Tudo é tempo | Monge Genshô

Tudo é tempo | Monge Genshô

Uma pergunta muito recorrente é: quanto tempo há entre uma manifestação kármica e outra? Aquilo que muitos textos chamam de renascimento. E outros traduzem erradamente como reencarnação, uma palavra que faz crer que existe uma identidade que ganha uma carne nova. Na verdade, é a onda kármica que se propaga e provoca o surgimento de uma nova identidade, somos muito semelhantes à nossa manifestação kármica anterior e, por isso, a ilusão de que uma identidade permanece é tão recorrente.

A cada vez em que nos manifestamos construímos uma identidade a partir de nossos impulsos, de nossas características e marcas kármicas e somos e não somos a mesma pessoa. O fato de estarmos em contínua mudança é nossa grande oportunidade, pois podemos mudar nossas tendências, podemos mudar muitas características e sermos pessoas completamente novas, não só de uma vida para a outra, mas também nesta própria vida.

Assim, surge a pergunta: quanto tempo entre uma morte e uma nova manifestação. A resposta é: o tempo é tão imensamente relativo que a pergunta não pode ser respondida de forma fácil, assim, algumas escolas dizem de imediato, outras dizem 49 dias, outras dizem muito tempo, mas na verdade, como o tempo é na prática uma ilusão teimosamente persistente, sua durabilidade depende em demasiado das maneiras de medir e da nossa própria consciência. Então, aquele que desmaia e acorda três horas depois sente que não passou tempo algum. Todos que já tiveram a experiência de terem sido anestesiados, ou mesmo aqueles que já passaram algum tempo em coma não têm a menor noção do tempo discorrido. Esse tempo decorrido é completamente dependente da consciência. Assim, a tradição budista fala que as vidas dos devas são longuíssimas, mas nós sabemos que as vidas das borboletas são brevíssimas.
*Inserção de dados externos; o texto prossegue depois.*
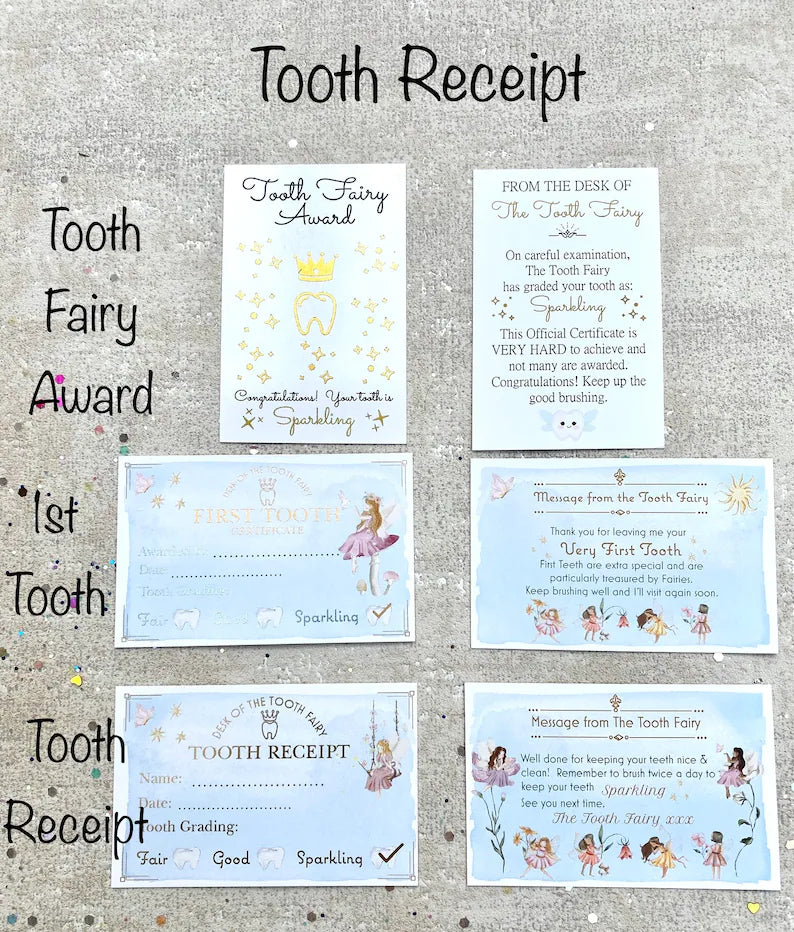 You can also choose to include a gold-foiled Tooth Collection Receipt from the Tooth Fairy (there is a choice of 1st Tooth Receipt, Tooth Receipt and Special Award from The Tooth Fairy for a Sparkling Tooth!). These make for lovely keepsakes.

Nossa noção do tempo não se aplica a estados diferentes de consciência, assim a própria pergunta não tem sentido porque ela presume um tempo estável, contínuo, sempre igual. Sabemos hoje que dependendo da velocidade que nos deslocamos o tempo se contrai ou se dilata. Em determinadas situações teoricamente pode ocorrer de um homem viver um século em um dia. A ficção é bem farta em usar esse tipo de situação como ocorre em um filme como Interestelar. Portanto não coloquemos essa pergunta para nós, porque nossa noção de tempo depois da nossa partida é tão elástica que a pergunta perde o sentido.

Dōgen Zenji, nosso grande mestre do século XIII explicou: “tudo é tempo”. Esse tempo agora, de nossa vida, é muito precioso. E por causa disso aproveitem esta vida.

Teishô Matinal proferido por Meihô Genshô Sensei, Junho-julho/2021.